The night of July 29, 1978, twenty-year-old William Bryant Tatum was shot and killed in the parking lot of a Pizza Hut. His eighteen-year-old girlfriend, Nancy Diane Hilton, was wounded. Tatum, a junior at the University of Tennessee at Chattanooga who went by his middle name, was Black. Hilton, who worked at the Pizza Hut, was white. They planned to get married in November. Carroll remembered the case well. It was Chattanooga’s only unsolved murder that year.
Franklin said he was responsible and asked Carroll to come meet with him. Carroll asked him why he decided to confess now. Franklin said he wanted to have the most death penalty cases pending against him of anyone. The response dovetailed with what I’d learned from my interview: that he was still hungry for recognition and still compared his image to that of other well-known serial killers.

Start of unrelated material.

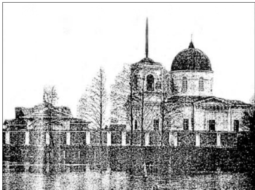
Общий вид Феофиловой пустыни. 1902 г.

Carroll agreed to come to the jail and five days lat
er arrived with Detective Mike Mathis. When Franklin was brought into the conference room, his head shaved, he saw Mathis and demanded that he leave the room. Franklin said he had never spoken with Mathis before and therefore didn’t trust him. In the interest of getting a confession, Mathis agreed to leave.
“I was on a search and destroy mission for race mixers,” Franklin told Carroll as he described spotting and following the couple. He parked his car and found a stand of tall grass nearby. It was close to Hilton’s 1974 Ford Mustang. Ten minutes later the couple emerged from the restaurant. Franklin aimed and fired his twelve-gauge pump-action shotgun. He hit Tatum in the chest and the blast tore through his heart and one lung. Hilton was struck on her right side.
“Had he not called, the case would have probably gone unsolved,” the AP quoted Carroll. “His call was to let us know he did it, not to say, ‘Look, I’m sorry I did it.’ There was no remorse.”
A grand jury indicted Franklin for murder on March 1, 1996. When a Hamilton County, Tennessee, Criminal Court judge set a trial date the next year, Franklin commented, “That’s cool.”
Prosecutors said they would seek another death penalty as insurance.
Chapter 19
While waiting to stand trial in Missouri, Franklin began talking again.
He had admitted to a St. Louis Post-Dispatch reporter in November 1995 that he shot Vernon Jordan but wouldn’t give details or say any more about it. The following April, he elaborated in an interview with Indianapolis Star reporter R. Joseph Gelarden, published on Sunday, April 7, 1996, saying that he had first considered killing civil rights leader Jesse Jackson in Chicago, but focused on Jordan when he found out he would be speaking in Fort Wayne.